(DATA PROVIDED Opens)

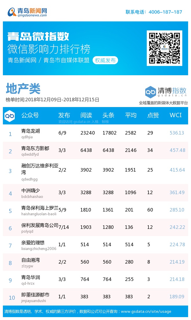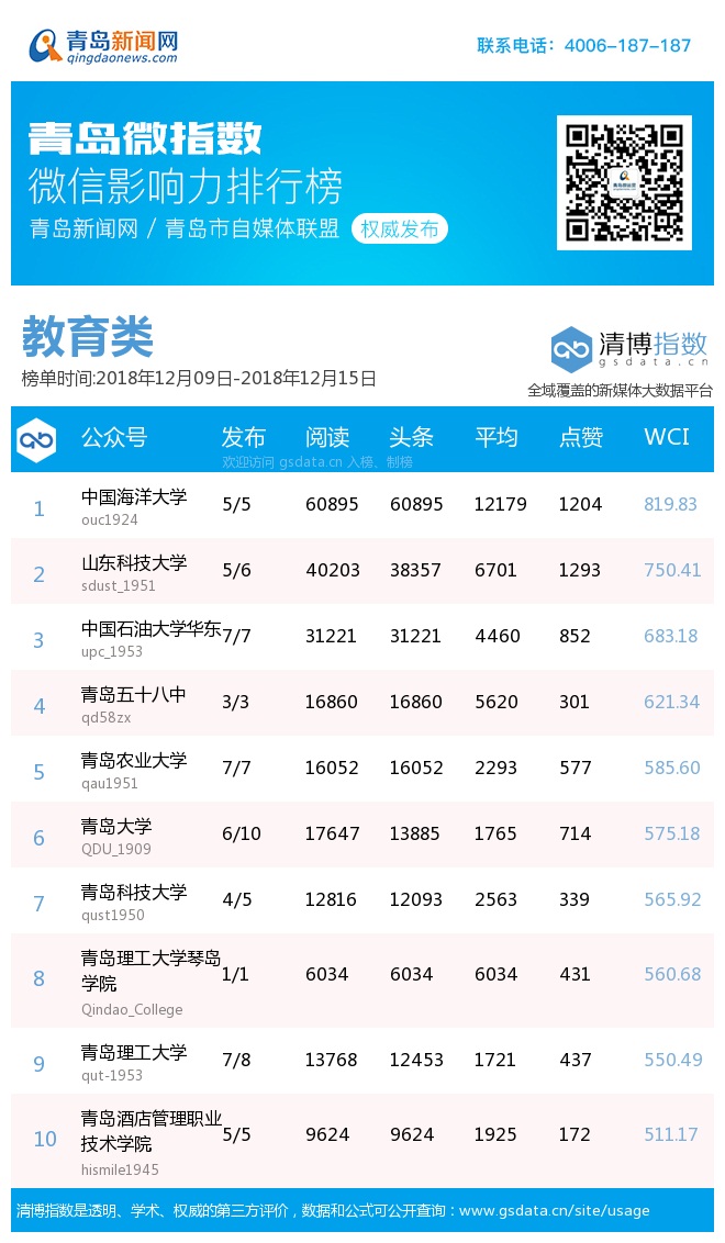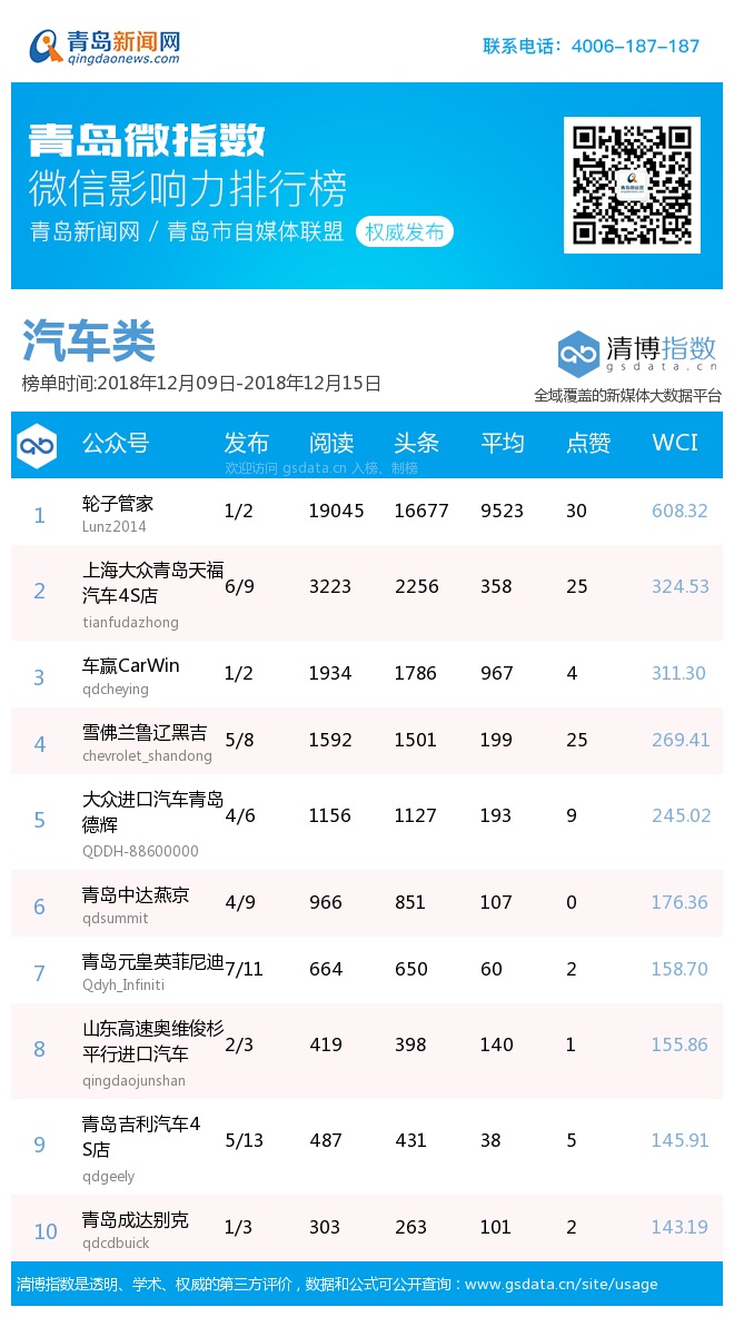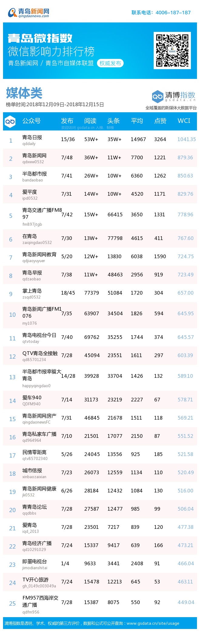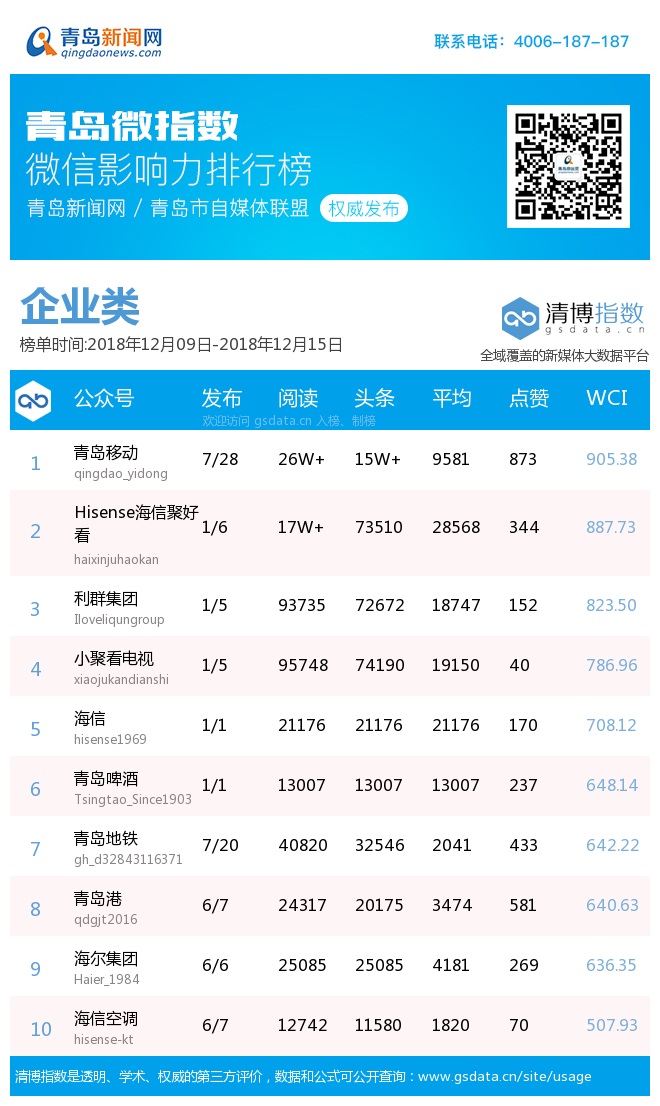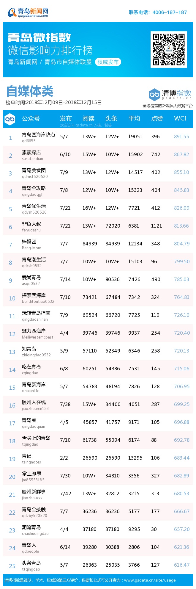 青島新聞網(wǎng)12月17日訊(記者 邢書玲)由青島新聞網(wǎng)、清博指數(shù)平臺(tái)聯(lián)手打造的“青島微指數(shù)微信影響力排行榜”今日發(fā)布一周(12月9日-12月15日)榜單。
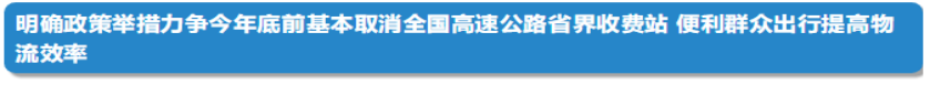 为落实党中央、国务院深化收费公路改革部署,将《政府工作报告》提出的两年内基本取消全国高速公路省界收费站的任务提前至力争今年底实现,减轻消费者负担和企业成本、扩大有效需求,会议确定,
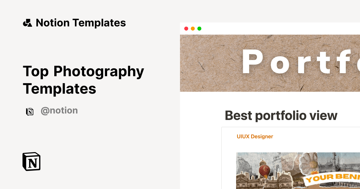 Top 10 Photography Portfolio Templates Thị trường mẫu Notion
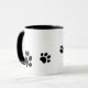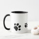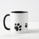 Show your love for your furry friend with this simple paw print mug! Featuring two classic black paw prints on a white background, this sturdy ceramic mug boasts a stylish black handle and interior. Perfect for coffee, tea, or any beverage – a great gift for any dog or cat lover.
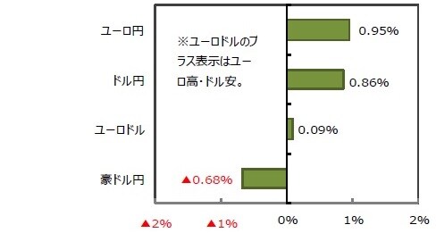 円相場は総じて円安となりました。対ドルでは、米国の追加経済対策やコロナワクチン接種の進展による景気回復期待などから米国の長期金利が上昇したことなどを受けて、0.86%の円安となりました。対ユーロでも0.95%の円安となりました。
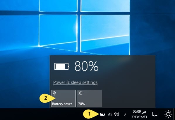 1 : هناك أثنين من الطرق التى تساعد المستخدمين فى تفعيل وضع حفظ الطاقة فى ويندوز 10، الطريقة الأولى تكون من خلال الضغط على علامة البطارية ثم بعد ذلك تقوم بالضغط على ” battery saver ” كما فى الصورة ادناه .
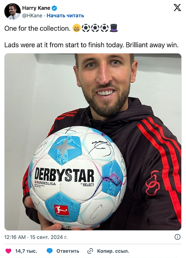 Под конец первого тайма Кейн точно приложился из-за пределов штрафной. А в концовке матча сам заработал и реализовал пенальти. Есть пятый хет-трик англичанина за почти 13 месяцев в «Баварии»: ранее пострадали «Бохум», «Дармштадт», дортмундская «Боруссия» и «Майнц».
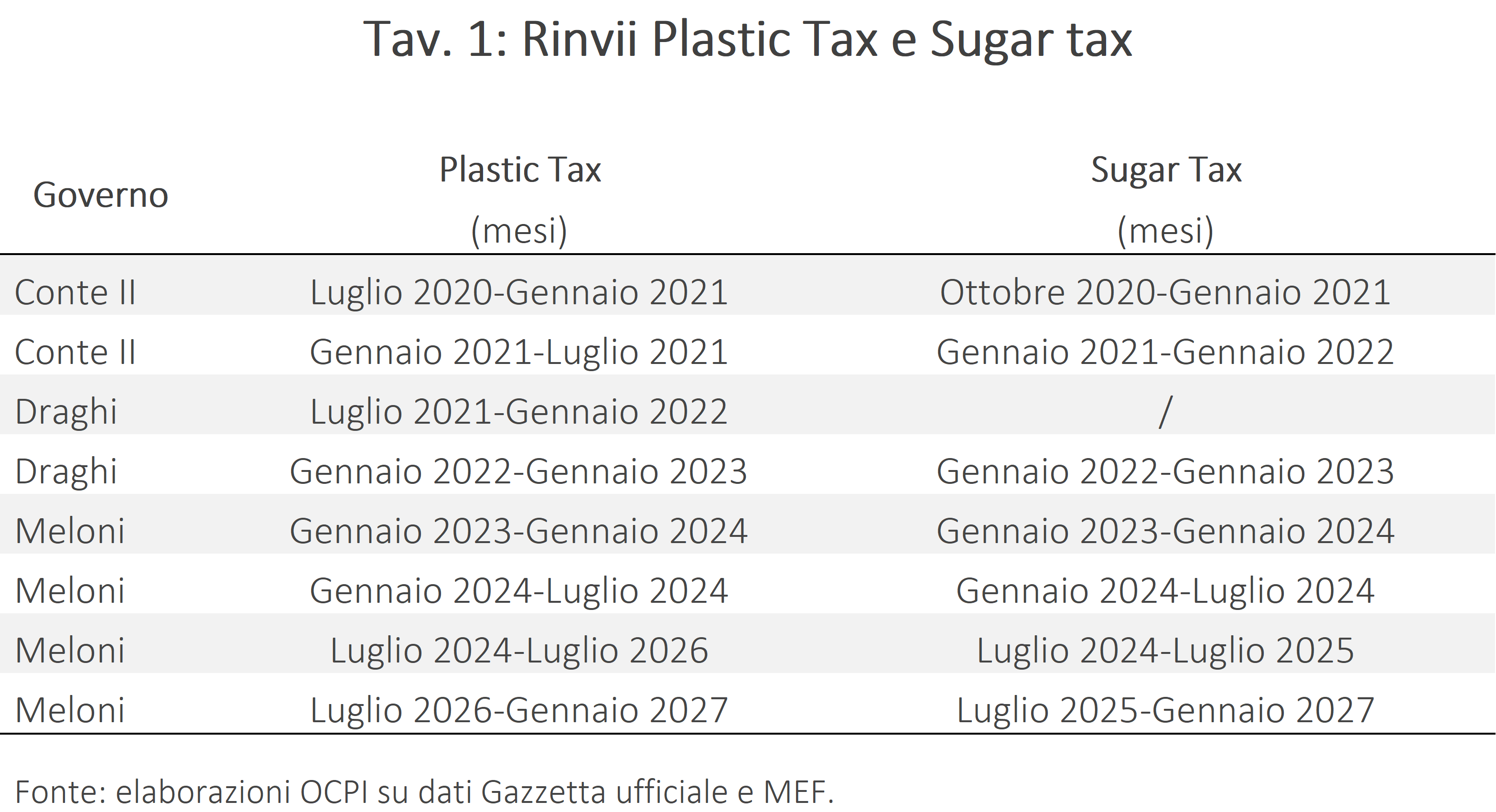 Dal 2020 la legislazione italiana ha istituito due imposte, la Plastic Tax e la Sugar Tax, concepite per scoraggiare il consumo di prodotti come la plastica monouso e le bevande zuccherate, che hanno effetti ambientali e sanitari negativi. Tuttavia, l’introduzione di entrambe le imposte è stata rinviata per otto volte. I continui rinvii, oltre a ridurre la credibilità e la capacità deterrente delle imposte, generano incertezza per le imprese, incidono sui conti pubblici, e migliorano solo artificialmente il profilo delle finanze statali di medio termine.
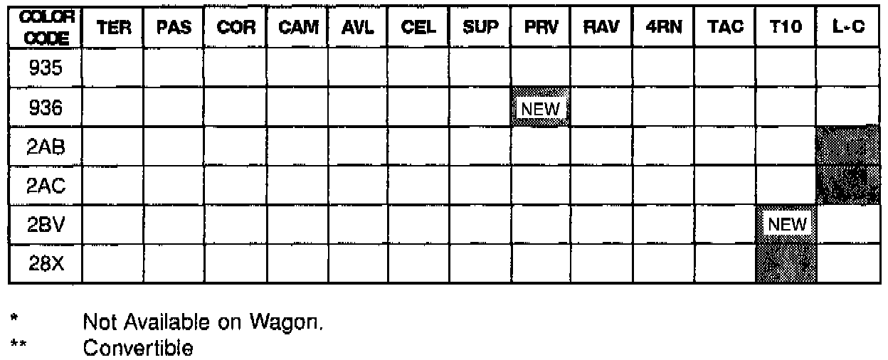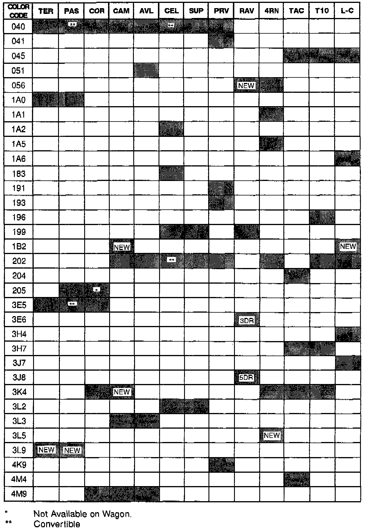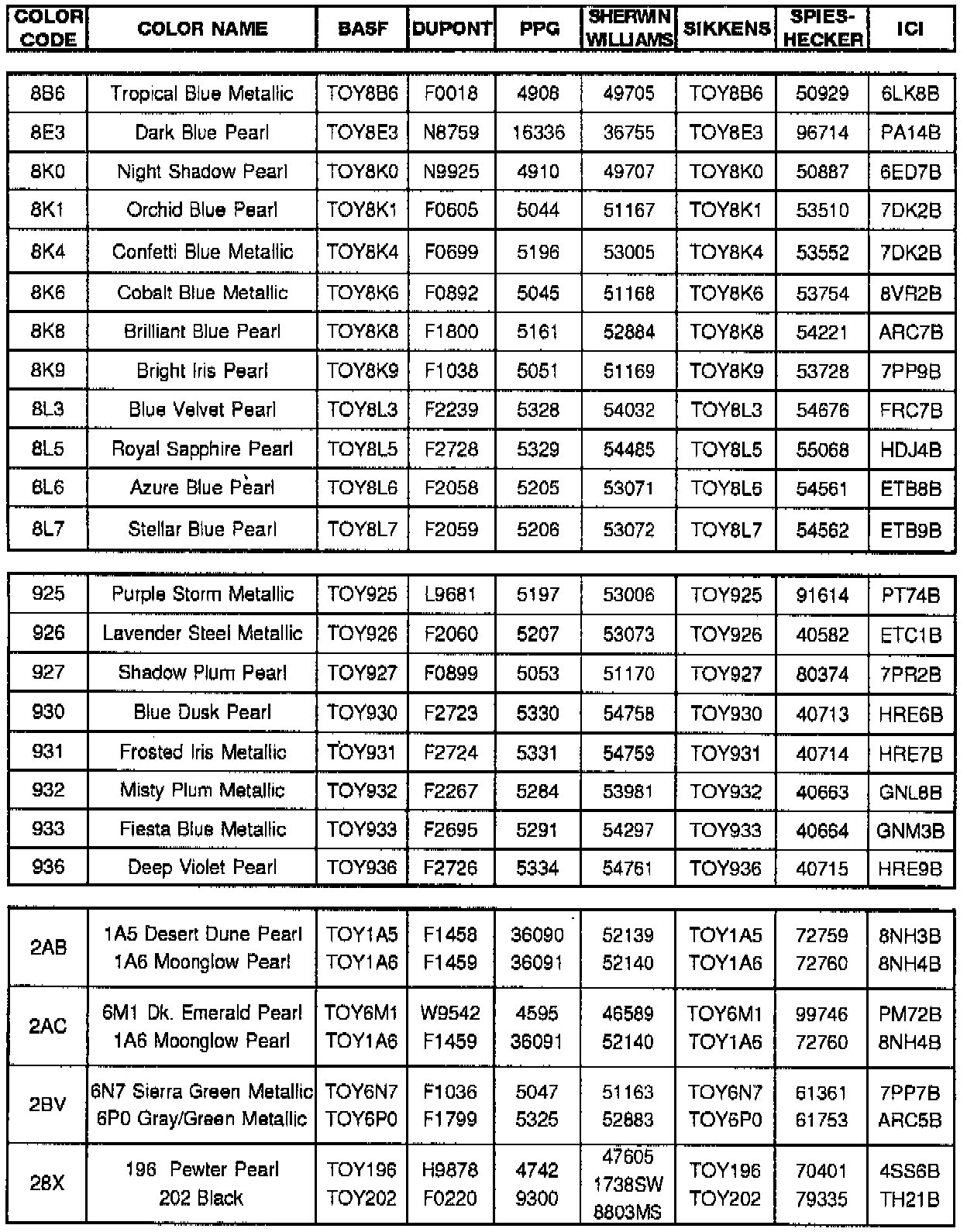 Included for your reference is a list of all 1997 OEM paint codes and refinish paint codes for the following refinish paint manufacturers:

(DATA PROVIDED Closes)

PROBLEM DETAILS
Output the records above verbatim. Pictures stay out.

EXPECTED ANSWER
 青島新聞網(wǎng)12月17日訊(記者 邢書玲)由青島新聞網(wǎng)、清博指數(shù)平臺(tái)聯(lián)手打造的“青島微指數(shù)微信影響力排行榜”今日發(fā)布一周(12月9日-12月15日)榜單。
 为落实党中央、国务院深化收费公路改革部署,将《政府工作报告》提出的两年内基本取消全国高速公路省界收费站的任务提前至力争今年底实现,减轻消费者负担和企业成本、扩大有效需求,会议确定,
 Top 10 Photography Portfolio Templates Thị trường mẫu Notion
 Show your love for your furry friend with this simple paw print mug! Featuring two classic black paw prints on a white background, this sturdy ceramic mug boasts a stylish black handle and interior. Perfect for coffee, tea, or any beverage – a great gift for any dog or cat lover.
 円相場は総じて円安となりました。対ドルでは、米国の追加経済対策やコロナワクチン接種の進展による景気回復期待などから米国の長期金利が上昇したことなどを受けて、0.86%の円安となりました。対ユーロでも0.95%の円安となりました。
 1 : هناك أثنين من الطرق التى تساعد المستخدمين فى تفعيل وضع حفظ الطاقة فى ويندوز 10، الطريقة الأولى تكون من خلال الضغط على علامة البطارية ثم بعد ذلك تقوم بالضغط على ” battery saver ” كما فى الصورة ادناه .
 Под конец первого тайма Кейн точно приложился из-за пределов штрафной. А в концовке матча сам заработал и реализовал пенальти. Есть пятый хет-трик англичанина за почти 13 месяцев в «Баварии»: ранее пострадали «Бохум», «Дармштадт», дортмундская «Боруссия» и «Майнц».
 Dal 2020 la legislazione italiana ha istituito due imposte, la Plastic Tax e la Sugar Tax, concepite per scoraggiare il consumo di prodotti come la plastica monouso e le bevande zuccherate, che hanno effetti ambientali e sanitari negativi. Tuttavia, l’introduzione di entrambe le imposte è stata rinviata per otto volte. I continui rinvii, oltre a ridurre la credibilità e la capacità deterrente delle imposte, generano incertezza per le imprese, incidono sui conti pubblici, e migliorano solo artificialmente il profilo delle finanze statali di medio termine.
 Included for your reference is a list of all 1997 OEM paint codes and refinish paint codes for the following refinish paint manufacturers:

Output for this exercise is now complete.